In the left side of the barrier, the potential energy V(x)= 0, while on the right side of the barrier, V(x) = V. Given that the total energy of the particle in such a system has a total energy E < V..

a. What are my acceptable solutions?
On the left side:

Should I include the cos kx and sin kx alone?

b. How do I show that /A/ + /B/ = 1? Are these absolute values of the expressions A and B or /A/ = A*A and /B/ = B*B?

I got A = C/2 (1 + iq/p) and B = C/2 ( 1 - iq/p)

 

[dextercioby]

On the lest side,it's just a combination of complex exponentials...What do you mean "include ...alone"...?

As for the second,i assume you refer to the coefficients of reflection & transmission.Great.But please,use this CORRECT expression:
[tex] A^{*}A=|A|^{2} [/tex]

I don't know who "C" is.Could you be more specific...?

Daniel.

 

[irony of truth]

Hello sir...

what I meant about cos px and sin px (not k) alone is that there are 3 solutions... first is that expression A cos px + B sin px, second is cosp x and third is sin px on the left side of the barrier... the right side involves only e^(-qx).

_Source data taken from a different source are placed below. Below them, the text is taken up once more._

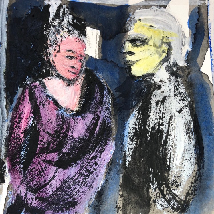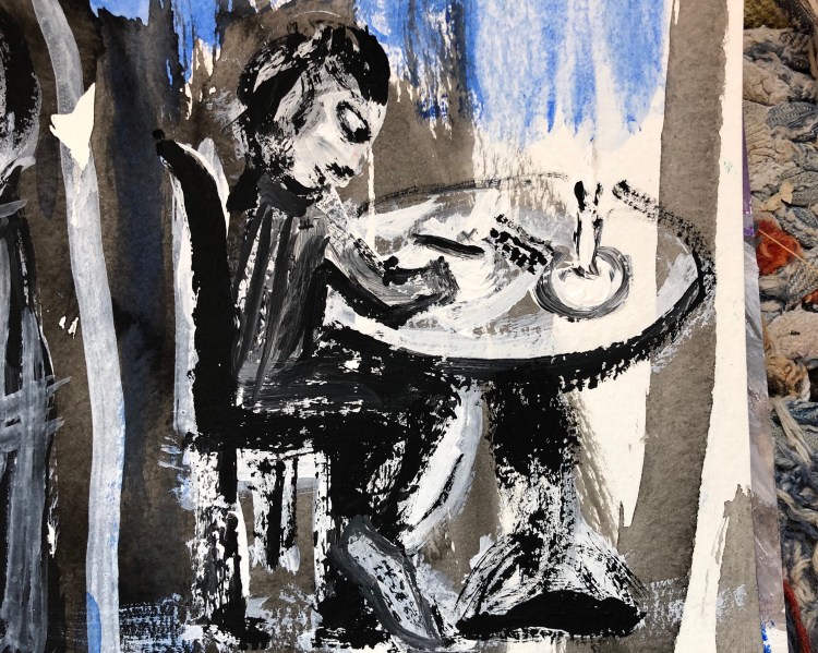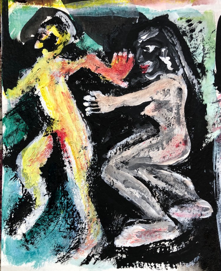 2. Merci Jean pour ton appréciation encourageante. Je suis content que tu remarques l’amélioration de mes dessins de personnage. Je cherche un équilibre entre les tableaux de facture longue et soignée et ceux faits avec des gestes spontanés et rapides.
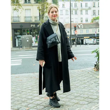 ユルッとカービーなシルエットがわかりやすいデニムもザラ。テーパードしたすそをロールアップすると、ちょいユルいシルエットのおさまりがいい。コートは多数のマダムが愛用の&Other Stories。ノーカラーがこなれた味わい。
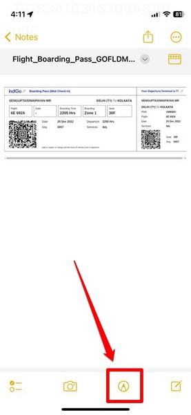 iPhoneのPDFファイルまたはノートアプリに画像を使用してノートを開いたら、下部メニューバーにマークアップツール(ペングリフを備えたもの)をタップして、選択したファイルの注釈を開始します。
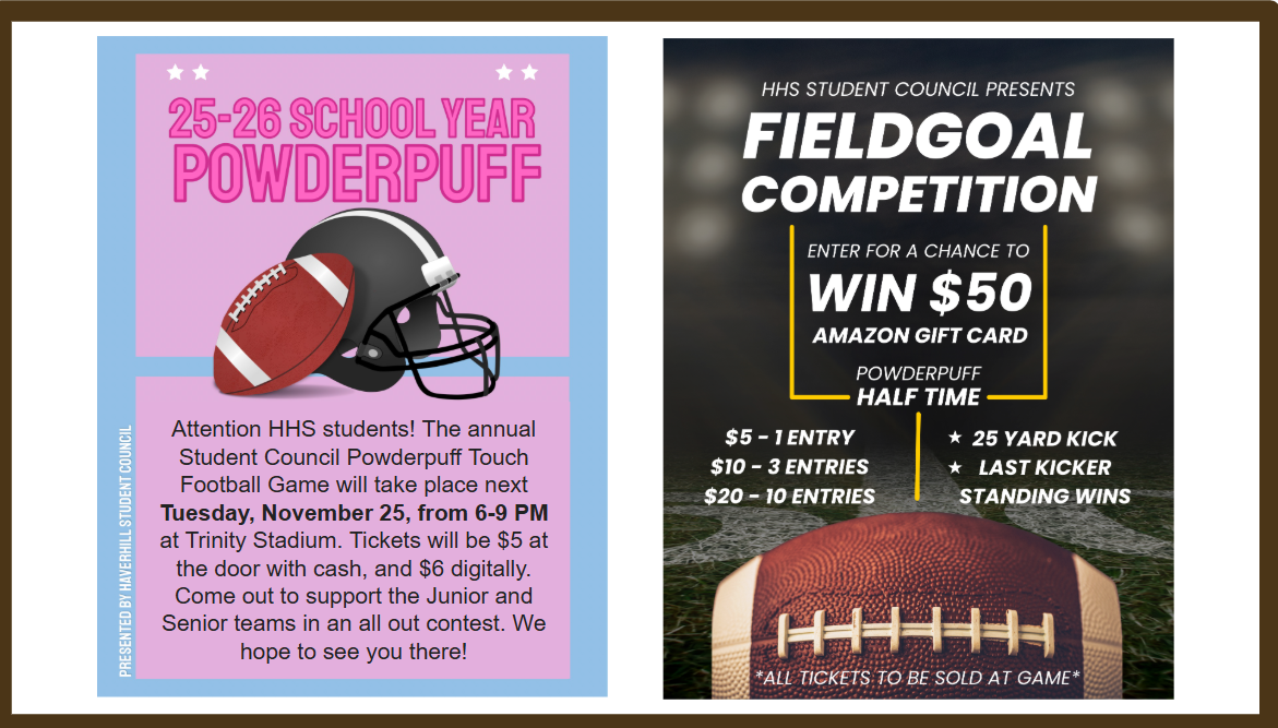 - Powderpuff game at Haverhill Stadium 7-9pm – $5

Hmm... I am referring to my 2 general solutions A cos px + B sin px ( or Ae^(ipx) + Be^(-ipx) ) and Ce^(-px) using then the continuity requirements... I imposed the \psi(x) and the first derivative of \psi at x = 0.

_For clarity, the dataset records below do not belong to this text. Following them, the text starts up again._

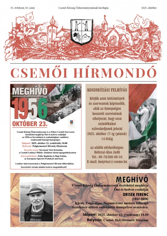 Feltöltésre került a CSEMŐI HÍRMONDÓ 2025. évi októberi száma
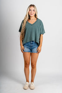 Boxy v-neck short sleeve t-shirt dark teal
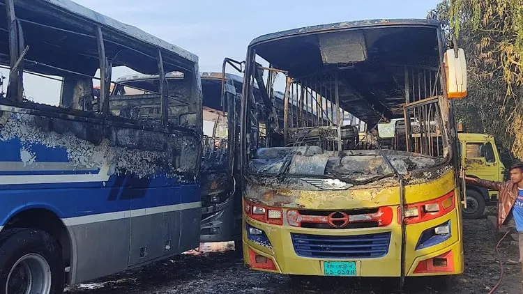নাটোরে ফিলিং স্টেশনে রাখা ৩টি যাত্রীবাহী বাসে আগুন দিয়েছে দুর্বৃত্তরা
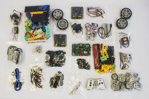 В состав набора входит 667 элементов. 3 материнских платы для начадьного, среднего и продвинутого уровня, 2 двигателя постоянного тока, 2 сервомотор, 6 видов датчиков. Пластиковые балки, колеса, шестеренки светодиоды и муфты. Возможность соединения блоков с 6 сторон позволяет создавать большие объемные конструкции за короткое время.
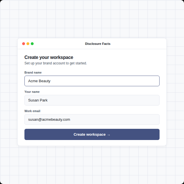 Disclosure Facts generates advertising compliance records and does not provide legal advice. Brands remain solely responsible for their disclosure practices. Company names and logos are trademarks of their respective owners; no affiliation or endorsement is implied unless explicitly stated.

Thus resulting to A + B = C and ipA - ipb = -qC

then I tried to find the expressions of A and B in terms of C.. which are A = C/2 (1 + iq/p) and B = C/2 ( 1 - iq/p) respectively.

But I don't know why [tex] A^{*}A=|A|^{2} [/tex] + [tex] B^{*}B=|B|^{2} [/tex] don't equal to one?

 

[dextercioby]

Hello sir...

what I meant about cos px and sin px (not k) alone is that there are 3 solutions... first is that expression A cos px + B sin px, second is cosp x and third is sin px on the left side of the barrier... the right side involves only e^(-qx).

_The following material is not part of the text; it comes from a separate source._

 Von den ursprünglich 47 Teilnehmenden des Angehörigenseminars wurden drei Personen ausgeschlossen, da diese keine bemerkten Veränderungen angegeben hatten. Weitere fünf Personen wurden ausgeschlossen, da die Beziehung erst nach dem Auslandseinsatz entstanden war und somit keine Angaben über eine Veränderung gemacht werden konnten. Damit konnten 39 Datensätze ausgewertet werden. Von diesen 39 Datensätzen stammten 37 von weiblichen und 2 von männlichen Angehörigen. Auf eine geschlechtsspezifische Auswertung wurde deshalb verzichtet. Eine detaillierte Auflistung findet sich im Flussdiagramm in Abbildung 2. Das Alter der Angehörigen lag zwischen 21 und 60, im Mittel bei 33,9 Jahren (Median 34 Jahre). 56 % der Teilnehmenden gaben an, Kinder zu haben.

Hmm... I am referring to my 2 general solutions A cos px + B sin px ( or Ae^(ipx) + Be^(-ipx) ) and Ce^(-px) using then the continuity requirements... I imposed the \psi(x) and the first derivative of \psi at x = 0.

Thus resulting to A + B = C and ipA - ipb = -qC

then I tried to find the expressions of A and B in terms of C.. which are A = C/2 (1 + iq/p) and B = C/2 ( 1 - iq/p) respectively.

But I don't know why [tex] A^{*}A=|A|^{2} [/tex] + [tex] B^{*}B=|B|^{2} [/tex] don't equal to one?

Why would they...?What' the physical justification behind your requirement...?
Now,that u've managed to express 2 coefficients in terms of a third,u can resort to the definition of the probablilty currents and transmission and reflection coefficients...

Isn't this what you're looking for,or what else...?

Daniel.

 

[irony of truth]

So I will not add both A = C/2 (1 + iq/p) and B = C/2 ( 1 - iq/p) then.

I got this T = 4(q/p)/(1 + iq/p)^2 and R = /(1 - iq/p) / (1 + iq/p)/^2 ...

My problem is here is that will they add up to 1?

 

[dextercioby]

In square modulus,they MUST,viz.

[tex] |T|^{2}+|R|^{2}=1 [/tex]

Else,it would mean your calculations are incorrect.

Daniel.

 

[reilly]

Any, I repeat any QM text does this problem. It will be spelled out right in front of your eyes if you simply take the trouble to read. We are not talking rocket science here, just very basic stuff.
Regards,
Reilly Atkinson

 

[Eye_in_the_Sky]

to irony of truth

Hi, I'm just passing through, and I don't have much time (just enough to quickly browse).

If you are still having some questions, irony of truth, you may want to look at the thread below, in particular posts #2 and #10:

https://www.physicsforums.com/showthread.php?t=36076

If look, I hope it helps.
________

EDIT:
... oops!
I see you're looking at the E < V case. My posts were for E > V.